**Work instructions**
Leave out any pictures and transcribe all other data below exactly.

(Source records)
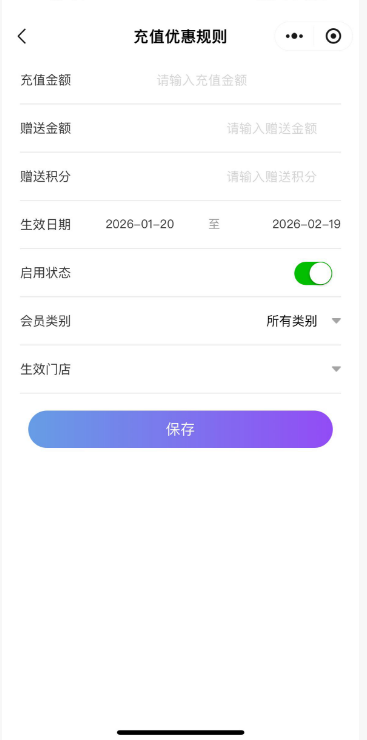 - 会员类别:针对特定会员类别定制充值优惠,只需选定类别,该类别下的会员将遵循所设规则;选择不限制”选项则使得所有会员类别都能享受通用的充值规则
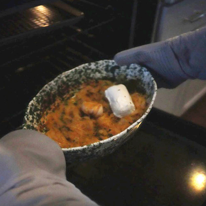 Reduce the heat to 375°F, remove the dish, and place the goat cheese in the center. Bake for another 10–12 minutes, until the cheese melts into the onions.
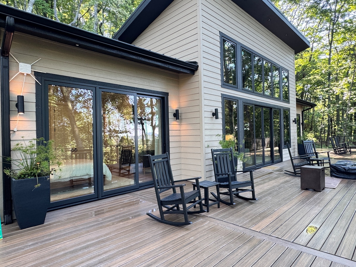This VERY RUSTIC, contemporary home designed by Norwegian architect, Bernardo Rostad, is situated at the foot of the Great Smoky Mountains National Park & adjoins the renowned Cataloochee Ranch. Enjoy spectacular sunrises from the east facing windows perched high above the clouds at 4,700 ft elevation w/ 360 degree views of the Smoky Mountains, located on 25 PRIVATE acres. *See "THE SPACE" description below & confirm that you have read prior to booking request. Reply: I have read "THE SPACE".
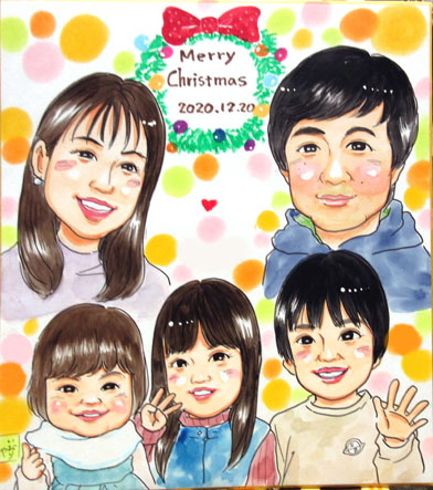 こちらは五人家族さんの似顔絵でした!今年最後の大物ですね笑。
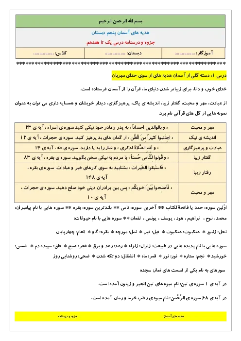 خلاصه درس و نکات مهم درس 1 تا 17 هدیههای آسمانی پنجم ابتدائی
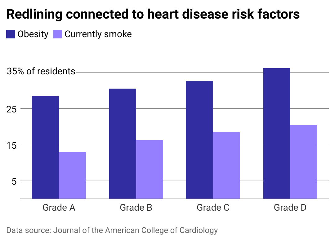 People who live in redlined areas are more likely to deal with risk factors for heart diseases, including obesity and smoking, though that is largely by design.
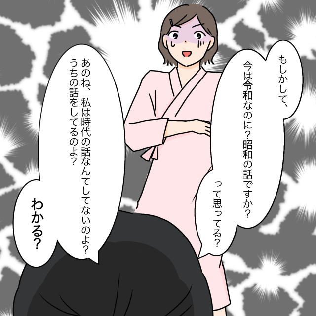 そして、「もしかして、『今は令和なのに?昭和の話ですか?』って思ってる?」と義母に言われてギクリ。さらに、「あのね、私は時代の話なんてしてないのよ?うちの話をしてるのよ?わかる?」と出産したばかりの私に詰め寄りました。
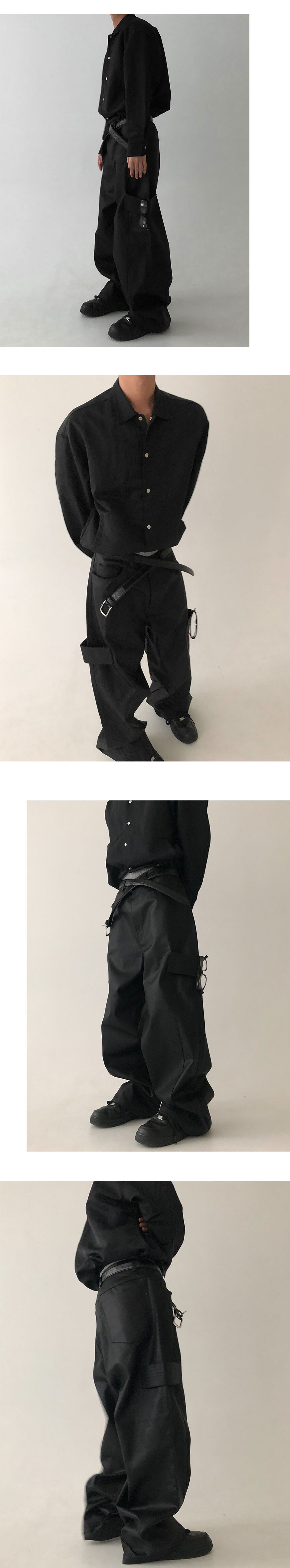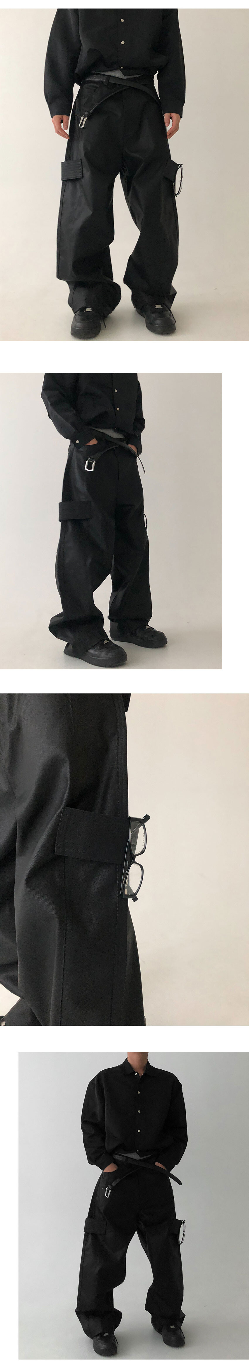 coated carpenter wide pants
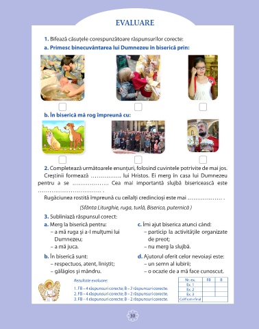 b. În biserică sunt: d. Ajutorul oferit celor nevoiași este:
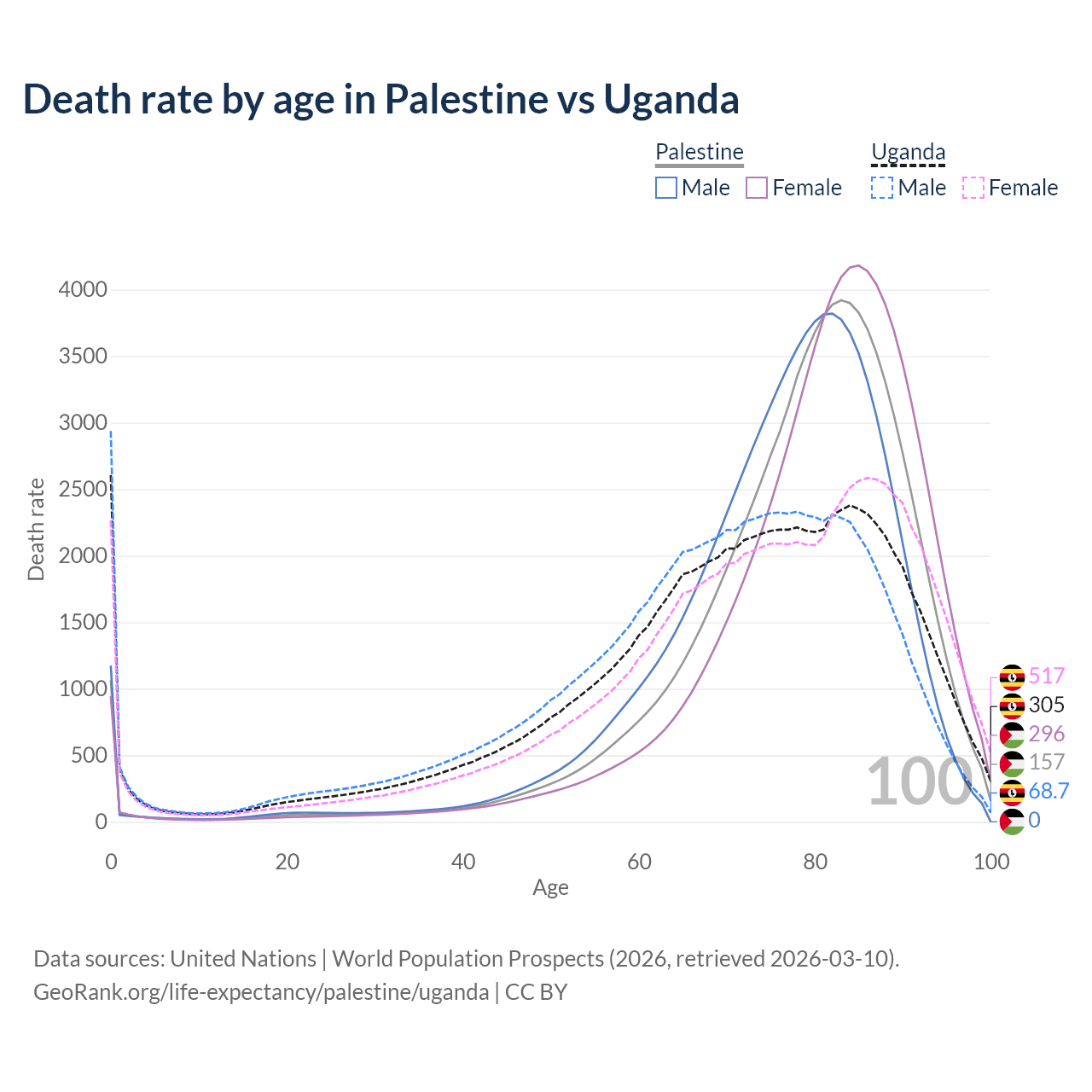 In Palestine, the most common age of death is 83, compared to 0 in Uganda. The median age of death is 80.5 in Palestine and 73.3 in Uganda, meaning only half of each cohort is expected to live past that age.
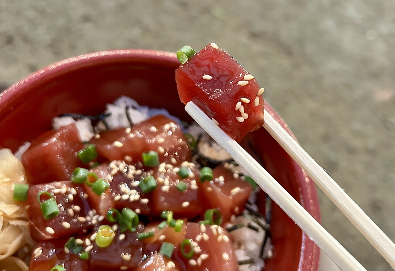 Since it's a takeout style, I enjoyed the tuna poke bowl at a table inside the venue. Generously cut pieces of tuna are lavishly placed on top of vinegared rice.
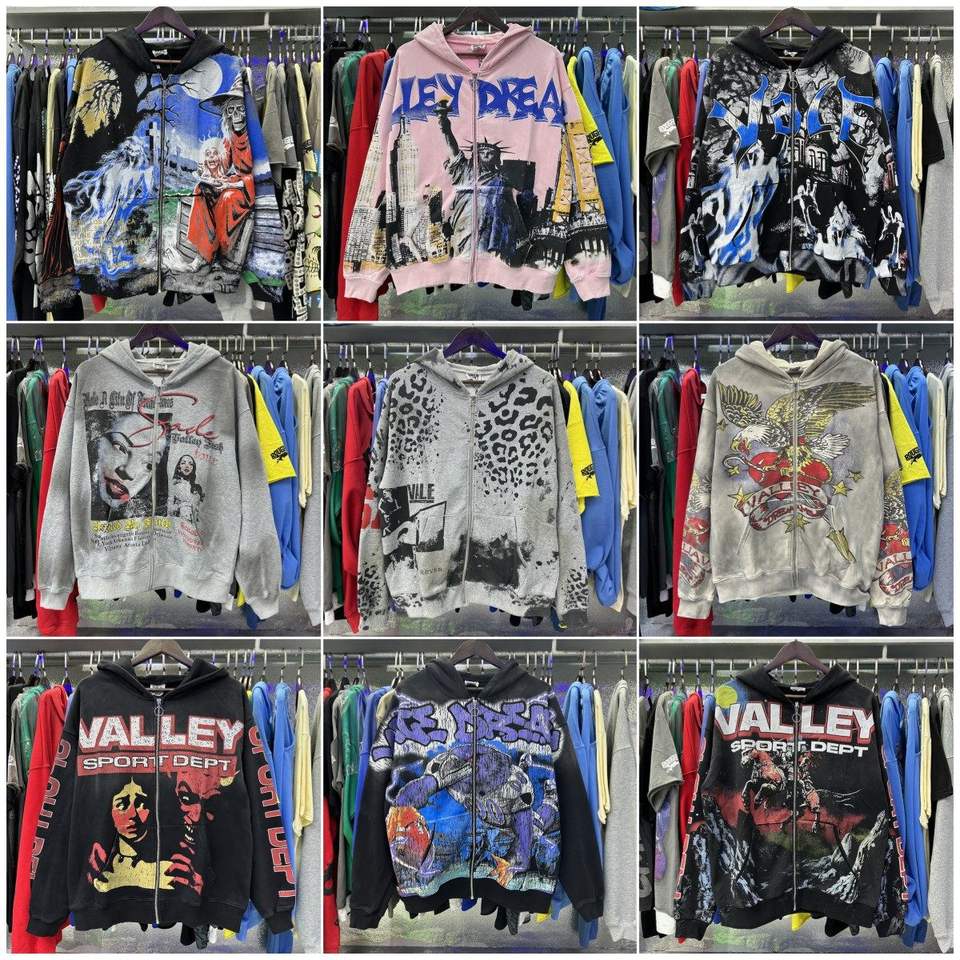 Sweat-shirt ample en coton platine à fermeture éclair, style américain, imprimé vintage, tendance streetwear, décontracté, avec fourrure de lapin, pour le commerce extérieur
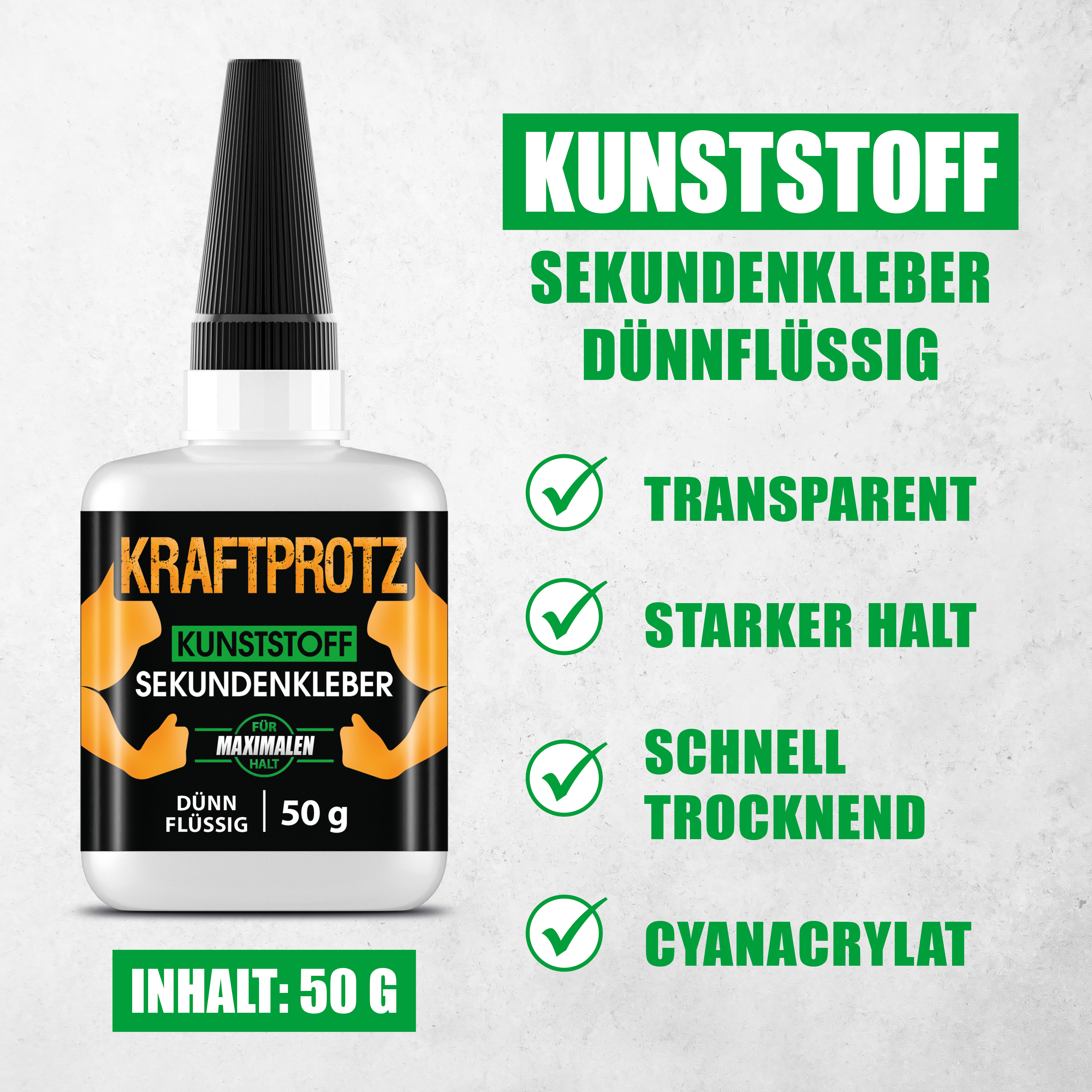 Produktinformationen "Kraftprotz Kunststoff Sekundenkleber 50 g"

**Answer to this task**
 - 会员类别:针对特定会员类别定制充值优惠,只需选定类别,该类别下的会员将遵循所设规则;选择不限制”选项则使得所有会员类别都能享受通用的充值规则
 Reduce the heat to 375°F, remove the dish, and place the goat cheese in the center. Bake for another 10–12 minutes, until the cheese melts into the onions.
This VERY RUSTIC, contemporary home designed by Norwegian architect, Bernardo Rostad, is situated at the foot of the Great Smoky Mountains National Park & adjoins the renowned Cataloochee Ranch. Enjoy spectacular sunrises from the east facing windows perched high above the clouds at 4,700 ft elevation w/ 360 degree views of the Smoky Mountains, located on 25 PRIVATE acres. *See "THE SPACE" description below & confirm that you have read prior to booking request. Reply: I have read "THE SPACE".
 こちらは五人家族さんの似顔絵でした!今年最後の大物ですね笑。
 خلاصه درس و نکات مهم درس 1 تا 17 هدیههای آسمانی پنجم ابتدائی
 People who live in redlined areas are more likely to deal with risk factors for heart diseases, including obesity and smoking, though that is largely by design.
 そして、「もしかして、『今は令和なのに?昭和の話ですか?』って思ってる?」と義母に言われてギクリ。さらに、「あのね、私は時代の話なんてしてないのよ?うちの話をしてるのよ?わかる?」と出産したばかりの私に詰め寄りました。
 coated carpenter wide pants
 b. În biserică sunt: d. Ajutorul oferit celor nevoiași este:
 In Palestine, the most common age of death is 83, compared to 0 in Uganda. The median age of death is 80.5 in Palestine and 73.3 in Uganda, meaning only half of each cohort is expected to live past that age.
 Since it's a takeout style, I enjoyed the tuna poke bowl at a table inside the venue. Generously cut pieces of tuna are lavishly placed on top of vinegared rice.
 Sweat-shirt ample en coton platine à fermeture éclair, style américain, imprimé vintage, tendance streetwear, décontracté, avec fourrure de lapin, pour le commerce extérieur
 Produktinformationen "Kraftprotz Kunststoff Sekundenkleber 50 g"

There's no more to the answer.